The function call overhead now starts to play a role, so we compare the latter two examples with larger N:
In [11]: %timeit -n3 -r100 convolve4.naive_convolve(f, g)
3 loops, best of 100: 5.97 ms per loop
In [12]: N = 1000
In [13]: f = np.arange(N*N, dtype=np.int).reshape((N,N))
In [14]: g = np.arange(81, dtype=np.int).reshape((9, 9))
In [17]: %timeit -n1 -r10 convolve3.naive_convolve(f, g)
1 loops, best of 10: 1.16 s per loop
In [18]: %timeit -n1 -r10 convolve4.naive_convolve(f, g)
1 loops, best of 10: 597 ms per loop
(Also this is a mixed benchmark as the result array is allocated within the function call.)
警告
Speed comes with some cost. Especially it can be dangerous to set typed objects (like
f
,
g
and
h
in our sample code) to
None
. Setting such objects to
None
is entirely legal, but all you can do with them is check whether they are None.

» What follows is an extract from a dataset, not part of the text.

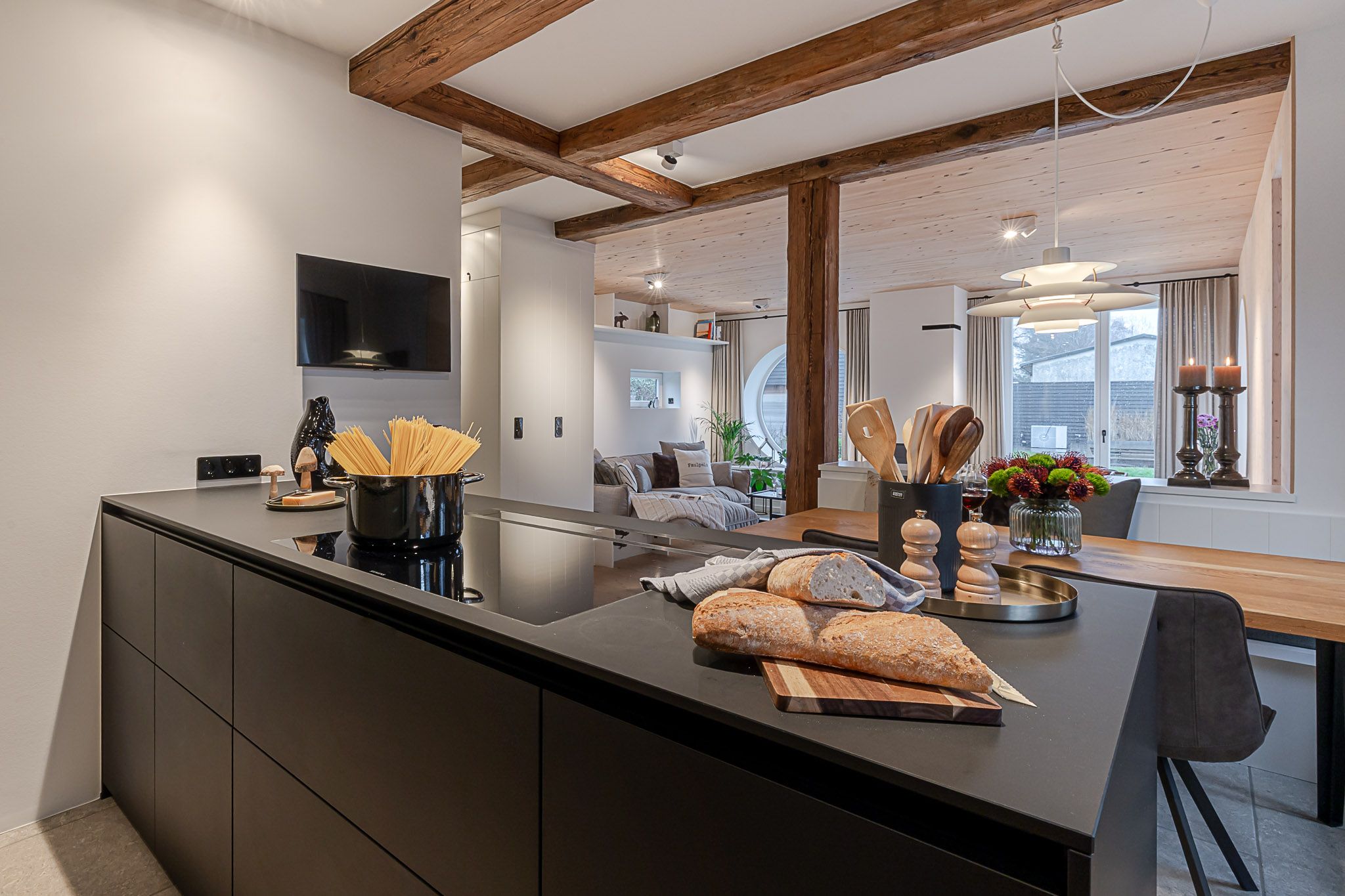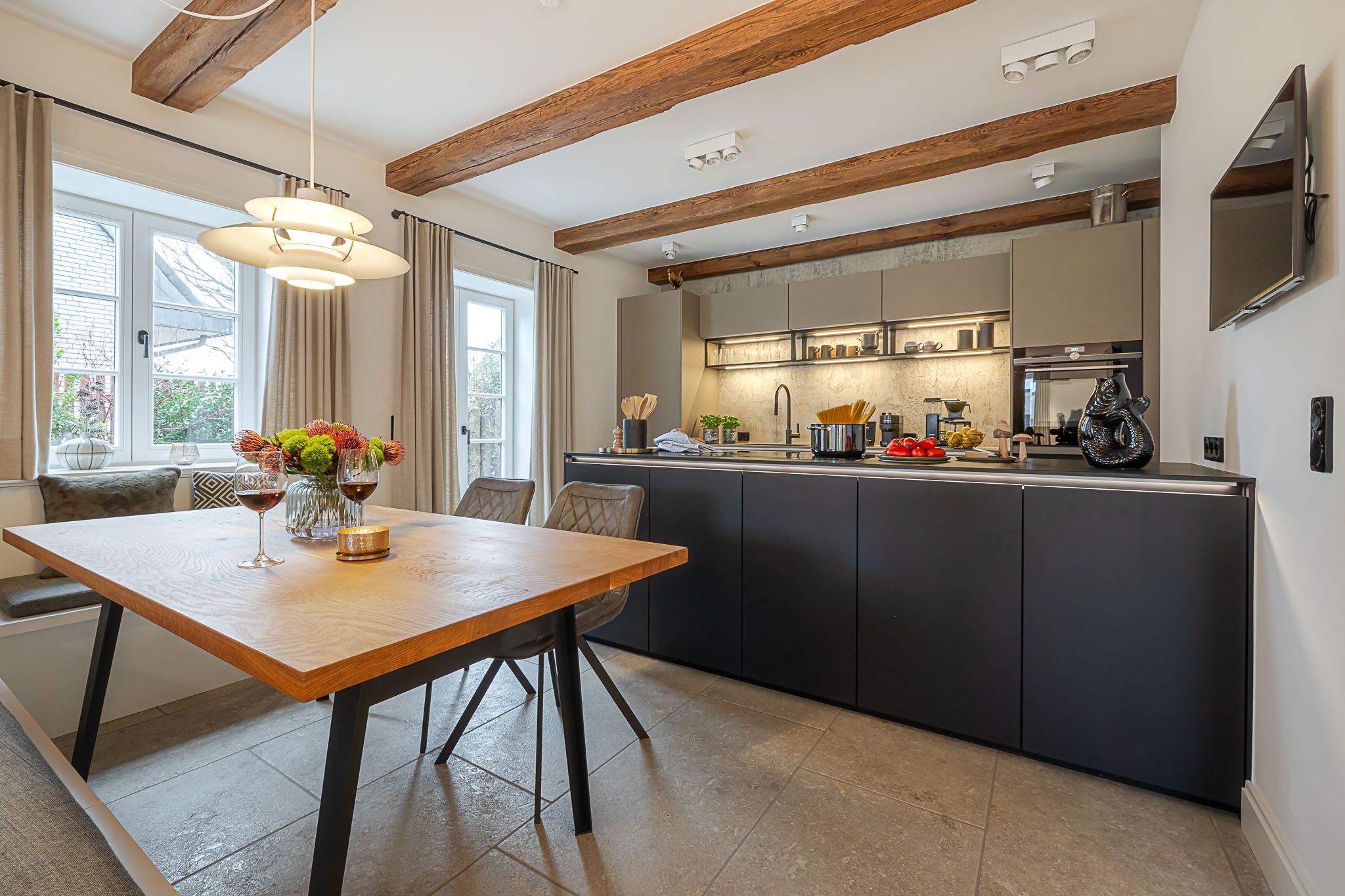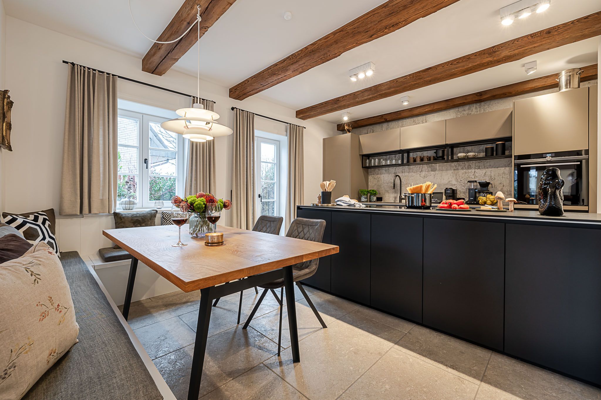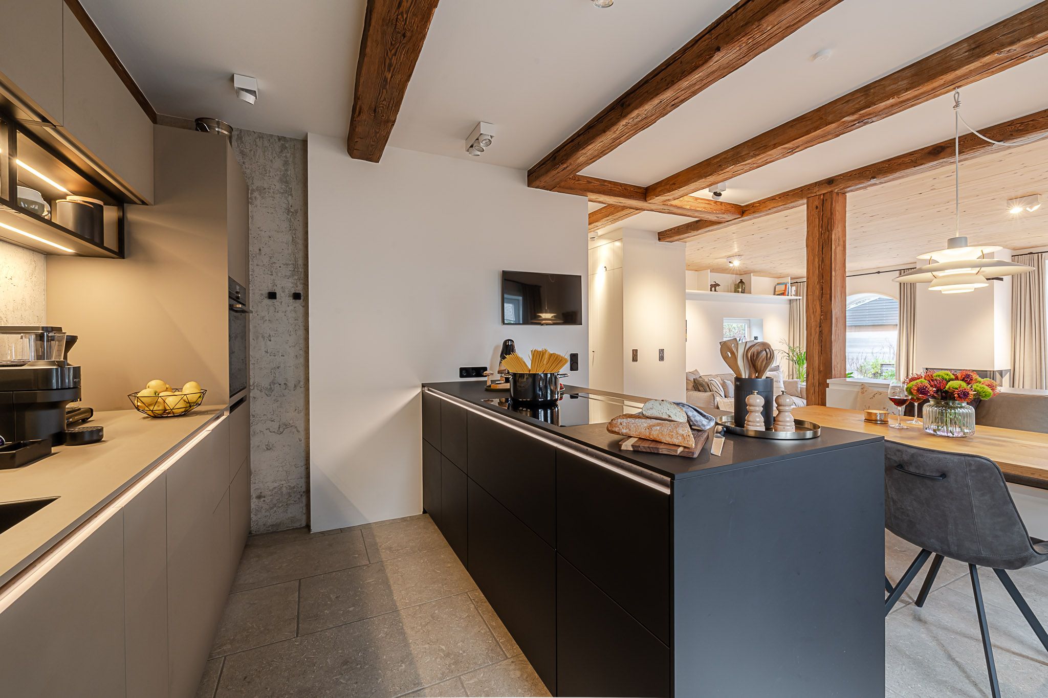 Im Erdgeschoss erwartet Sie ein lichtdurchfluteter Wohn-Essbereich, der mit einem stilvollen Holzkamin ausgestattet ist – perfekt für gemütliche Stunden, in denen die Zeit stillzustehen scheint. Hier können Sie entspannen und die wohlige Wärme genießen, während Sie den Tag ausklingen lassen. Die offene, hochmoderne Küche ist ein wahres Paradies für jeden Hobbykoch, ausgestattet mit besten Siemens-Geräten, darunter ein Backofen mit integrierter Mikrowelle, Induktionskochfeld, Geschirrspüler und ein Kühlschrank mit Gefrierfach – alles, was das Herz begehrt.

All other use (attribute lookup or indexing) can potentially segfault or corrupt data (rather than raising exceptions as they would in Python).
The actual rules are a bit more complicated but the main message is clear: Do not use typed objects without knowing that they are not set to None.
这样做是可能：
def naive_convolve(object[DTYPE_t, ndim=2] f, ...):
即，使用
object
而不是
np.ndarray
. Under Python 3.0 this can allow your algorithm to work with any libraries supporting the buffer interface; and support for e.g. the Python Imaging Library may easily be added if someone is interested also under Python 2.x.
There is some speed penalty to this though (as one makes more assumptions compile-time if the type is set to
np.ndarray
, specifically it is assumed that the data is stored in pure strided mode and not in indirect mode).